Stored data: Begin

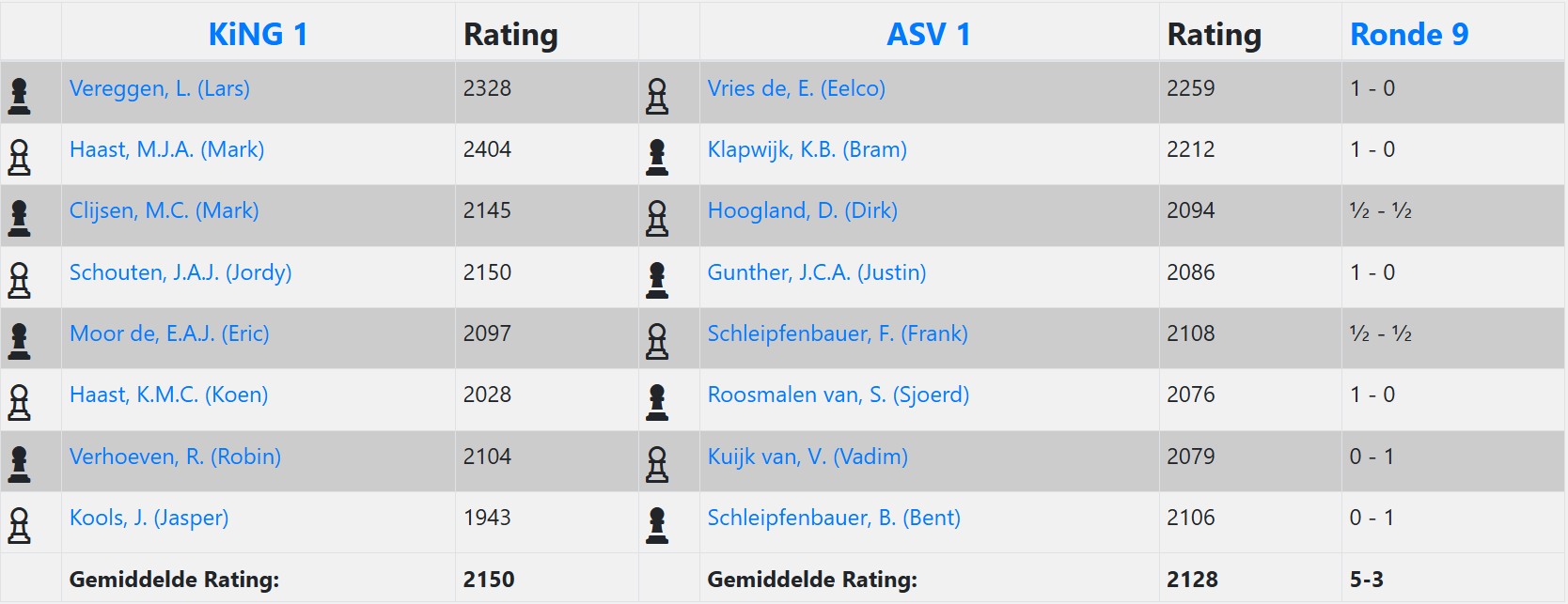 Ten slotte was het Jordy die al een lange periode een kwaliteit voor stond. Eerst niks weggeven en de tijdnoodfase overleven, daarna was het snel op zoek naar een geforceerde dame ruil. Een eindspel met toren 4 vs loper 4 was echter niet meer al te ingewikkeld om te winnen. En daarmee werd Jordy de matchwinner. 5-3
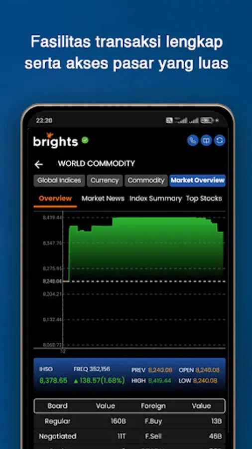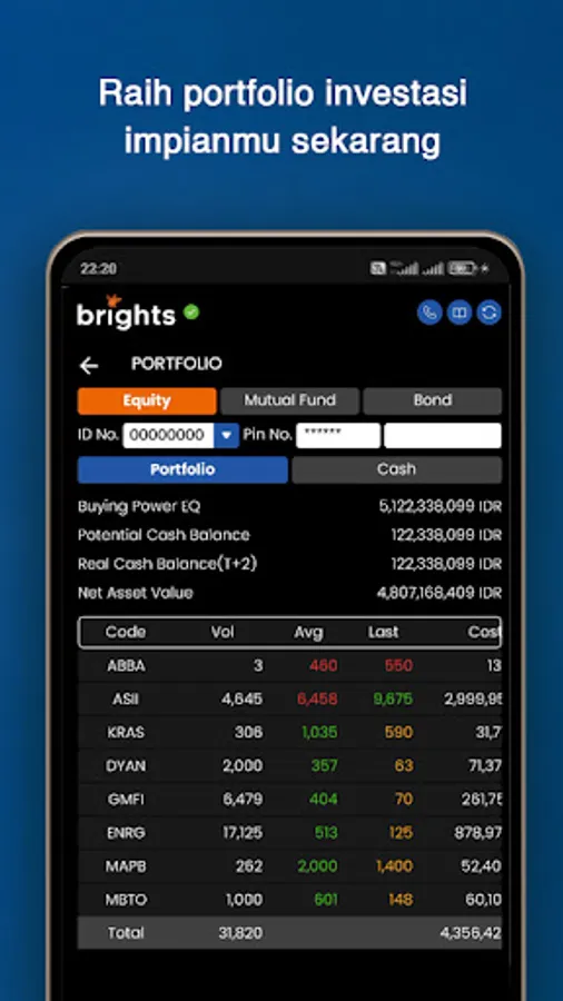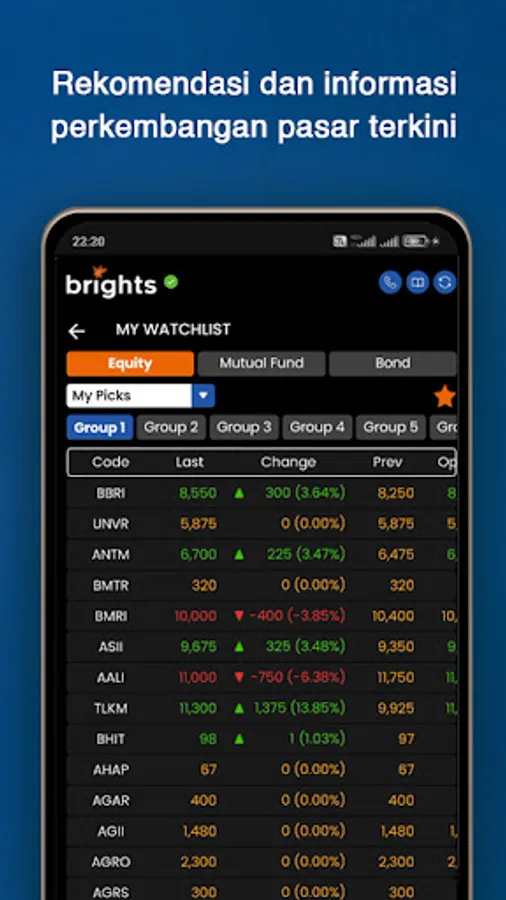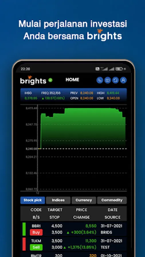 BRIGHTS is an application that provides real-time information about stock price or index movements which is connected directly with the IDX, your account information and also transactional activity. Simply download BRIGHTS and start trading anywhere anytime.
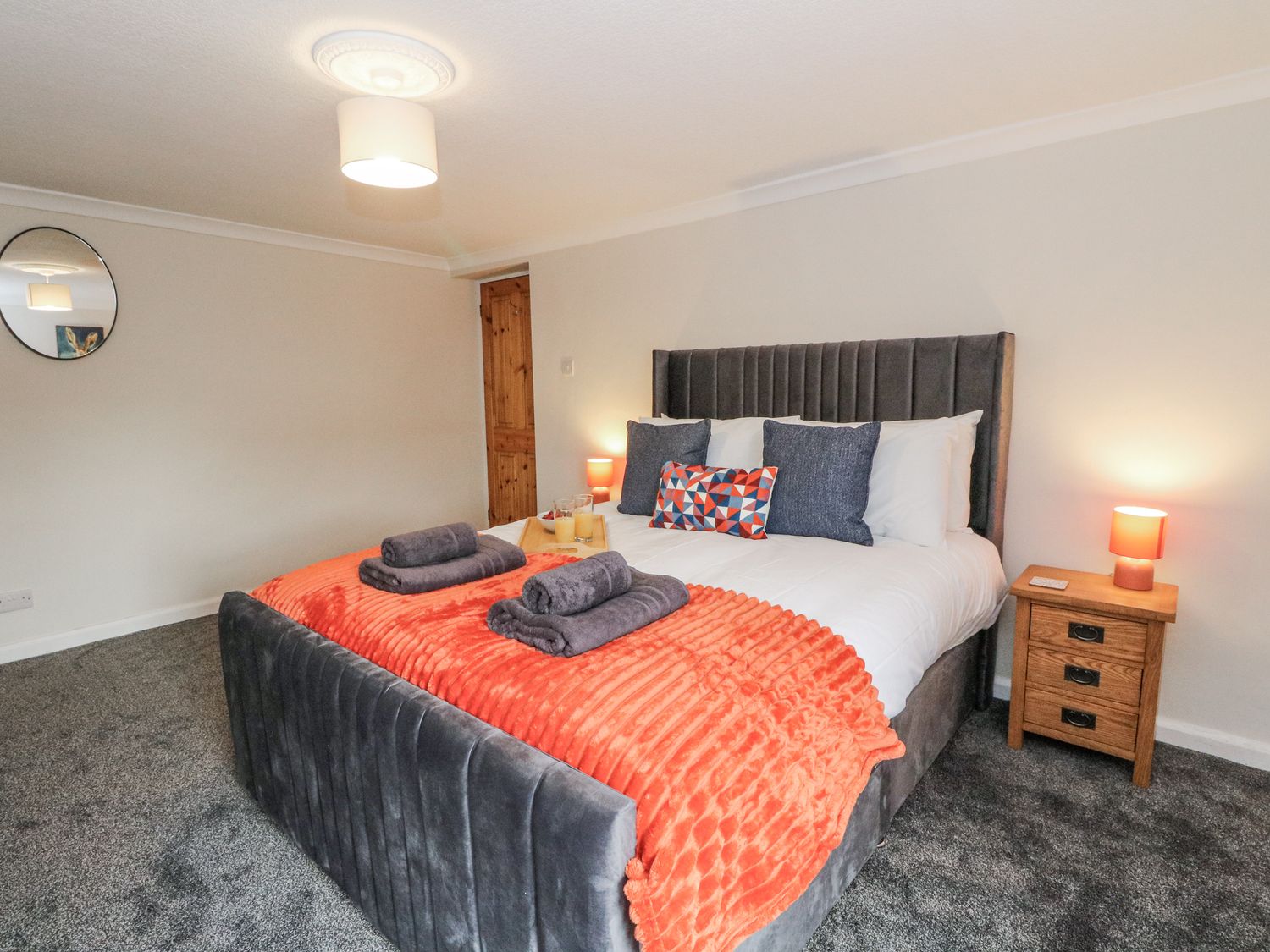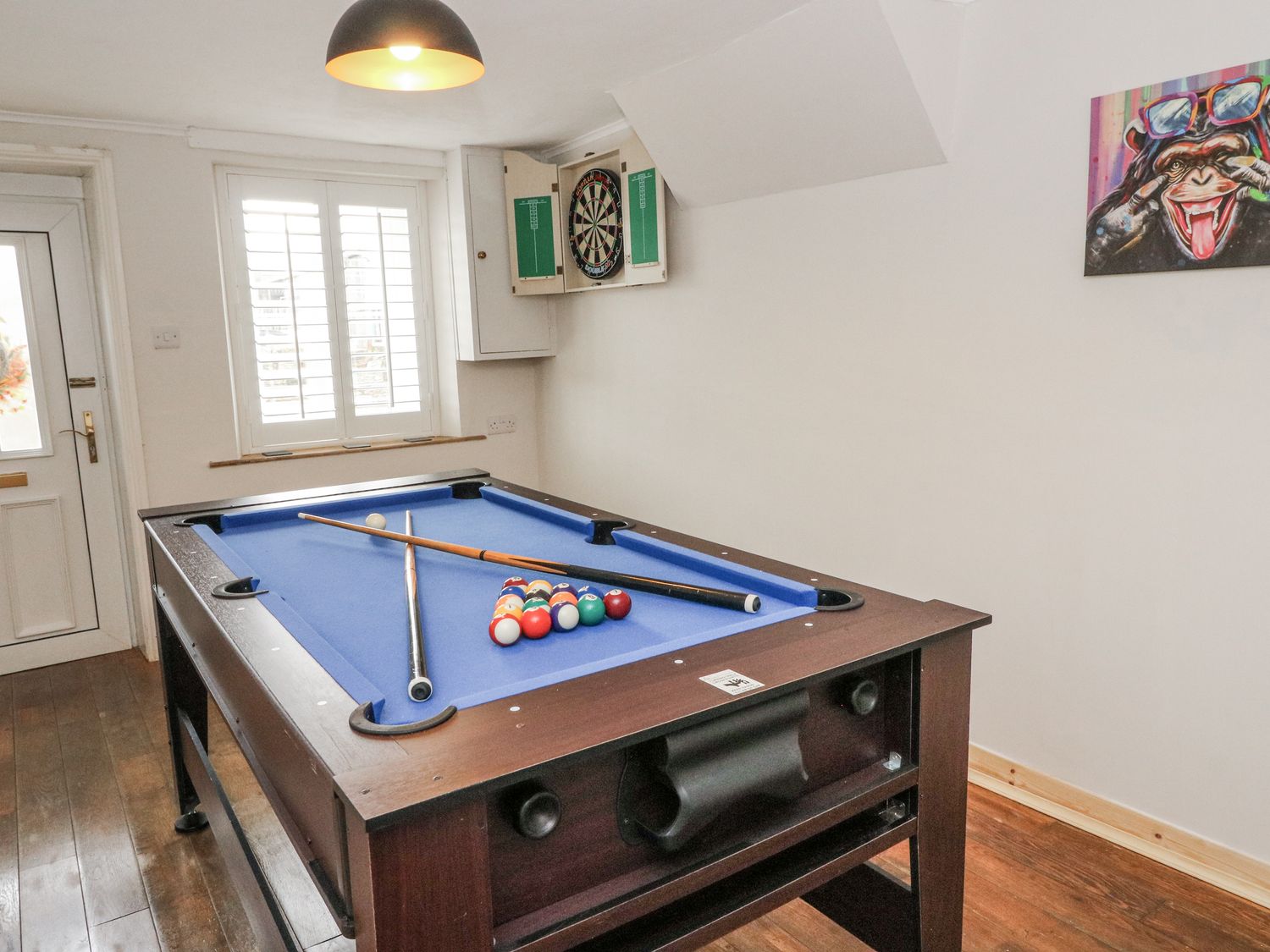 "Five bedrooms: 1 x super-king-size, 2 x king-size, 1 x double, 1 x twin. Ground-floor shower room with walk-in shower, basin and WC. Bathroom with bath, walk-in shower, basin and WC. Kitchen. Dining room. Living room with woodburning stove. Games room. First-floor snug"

Stored data: End

Problem to solve: Nothing but the text of the listing should be set down, exactly, with the pictures left behind.

Solved exercise:
 Ten slotte was het Jordy die al een lange periode een kwaliteit voor stond. Eerst niks weggeven en de tijdnoodfase overleven, daarna was het snel op zoek naar een geforceerde dame ruil. Een eindspel met toren 4 vs loper 4 was echter niet meer al te ingewikkeld om te winnen. En daarmee werd Jordy de matchwinner. 5-3
 BRIGHTS is an application that provides real-time information about stock price or index movements which is connected directly with the IDX, your account information and also transactional activity. Simply download BRIGHTS and start trading anywhere anytime.
 "Five bedrooms: 1 x super-king-size, 2 x king-size, 1 x double, 1 x twin. Ground-floor shower room with walk-in shower, basin and WC. Bathroom with bath, walk-in shower, basin and WC. Kitchen. Dining room. Living room with woodburning stove. Games room. First-floor snug"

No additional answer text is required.